McArtney didn't know what to do. He stared at Michael Fitz for a while. Then he sat and cried for the first time in years.
Once he got over his sadness, the cliche's started pouring into his head.
"Why does this have to happen to me? Why? After all I've gone through....helping people....serving my country...why?"
He knew those thoughts sounded very childish but he didn't care. Maybe he wanted to be a child. To hide under his covers....to be back at home under his nice, warm covers....
McArtney looked helplessly around and found a note on the desk next to his freind's body. He knew that it was unmistakeably Michael's hand-writing.
He picked it up and examined it. Finally he grew the courage to read it.
I know that this will be my last thing that I "say" to you. But hear me out. The doctors did evrything they could. Don't blame them. Blame that dumb so-called angel Hitler. He's (if you can even call him that....more like an it) the one that got us into this mess. If it weren't for him, I would not be on my deathbed. But, then again, if it weren't for him, I would have never gotten to know you! Who would have guessed that me, a New York high life would make freinds with you, a Texas farmer? Who would have guessed that? Nobody. But Hitler made that. And that will be the only thing that I can thank him for in the afterlife." McArtney cried even moore, but he continued on.
"Now, if I know you right, you are crying right about now. Awww, did I break the big tough guy's iron personality? Haha! I am victorious! That's been my dream since I met you! Well, now I can add this to my long list of stories that I've shared with you. Oh, man did we have some good memories! Like, remember that time when we were in Africa serving for the militia and we broke into a bar and stole some drinks? Whew! Did that baby tender get mad or what when he caught us in the back alley! But we sure did have a good time. But those African drinks sure are nice! Haha! Did those things give us some good times or what? Or like that time in Normandy, after the invasion, when we spent the day on the beach partying with th locals? I can't even remember any of those people's names, but I remember that a few of those drinks really turned you into a party animal! Boy, was The Colonel mad when he saw how wasted we were th next day! I also remember the time when we shot those AKs into the mist and later two Nazis came to us and surrendered! Haha! Anyway, the point is to look at the past, not my death. I really don't know how to end this, bud. I can feel the death creeping over me. I guess I'll end this by just saying that I had some good times with you. I'm really glad that I got to know you. I hope you did, too. Oh, and General, can you smile for me? I know the last few months of the war have taken their toll on you, but I remember yo always used to smile, even in the evil face of danger. I love that smile. Can you smile one more time for me? Thanks, Smiles.
Signing out 1 last time,
General Michael Fitz
P.S. Open the shades in the room, will ya? I want to have a bright obituary picture. Those black-and-whites really make things dull. Can't wait until color photos come out!"
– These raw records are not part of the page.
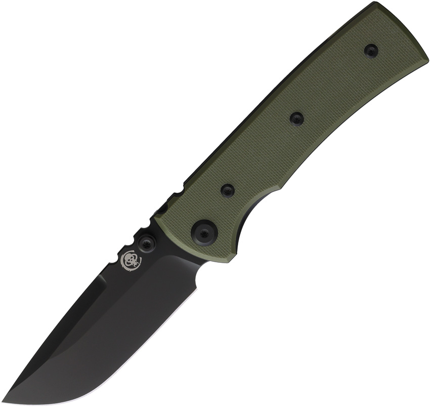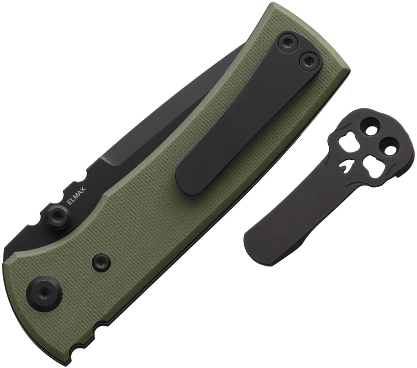 4.13″ (10.49cm) closed. 3.13″ (7.95cm) black PVD coated Elmax steel drop point blade. OD green G10 handle. Thumb stud. Pocket clip. Comes with traditional and signature Chaves skull titanium pocket clips. Boxed.
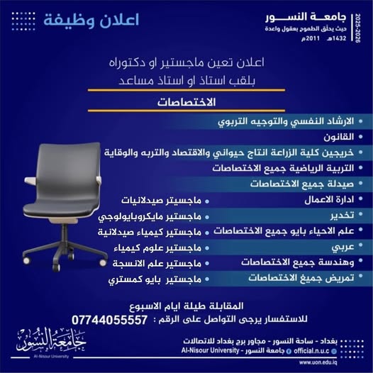وعلى الراغبين في الحصول على وظائف جامعة النسور، الدخول على موقع جامعة النسور عبر شبكة الانترنت، والتقديم متاح الآن، والمقابلة طيلة ايام الاسبوع.. للاستفسار يرجى التواصل على الرقم: 07744055557 بغداد - ساحة النسور - مجاور برج بغداد للاتصالات Al-Nisour University - جامعة النسور official.n.u.c - www.uon.edu.iq
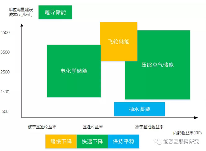 可見,從國(guó)民經(jīng)濟(jì)評(píng)價(jià)角度,電網(wǎng)側(cè)儲(chǔ)能具有良好的外部性,針對(duì)具體的電網(wǎng)側(cè)儲(chǔ)能項(xiàng)目,可設(shè)定假定參數(shù),開展面向電力系統(tǒng)效益的財(cái)務(wù)分析,為電網(wǎng)側(cè)儲(chǔ)能投資、建設(shè)、可持續(xù)發(fā)展路徑以及市場(chǎng)化機(jī)制和政策的建立提供參考?;陔娏ο到y(tǒng)效益的電網(wǎng)側(cè)儲(chǔ)能成本主要包括建設(shè)成本、安裝成本、運(yùn)行維護(hù)成本、更新改造成本。電網(wǎng)側(cè)儲(chǔ)能在電力系統(tǒng)中的收益主要包括、提升電網(wǎng)利用效率、提高供電可靠性、節(jié)能收益、減排收益、延緩裝機(jī)總量收益、應(yīng)急供電收益、參與電力市場(chǎng)輔助服務(wù)收益等。根據(jù)基于電力系統(tǒng)效益的電網(wǎng)側(cè)儲(chǔ)能成本和收益分析,利用項(xiàng)目財(cái)務(wù)分析方法和模型,對(duì)相同邊界條件下各類電網(wǎng)側(cè)儲(chǔ)能經(jīng)濟(jì)性進(jìn)行評(píng)價(jià),定性得到其各類項(xiàng)目經(jīng)濟(jì)性結(jié)果和內(nèi)部收益率范圍,如下圖所示。

By the end of the letter, McArtney had stopped crying. In fact, he couldn't resist the smile creeping onto his lips.
"Darn it, Mike. Always gotta use humor, even on your deathbed?" he thought to himself. He smiled for the first time in months. And he got a warm feeling inside. Suddenly, he looked at Mike again and swear that he saw a smile etched onto the lips of his best pal, his warmate, his mentor. Through the curly strands of his beard, a smile was definitely under there somewhere. John McArtney opened the shades and let the warmth flow in.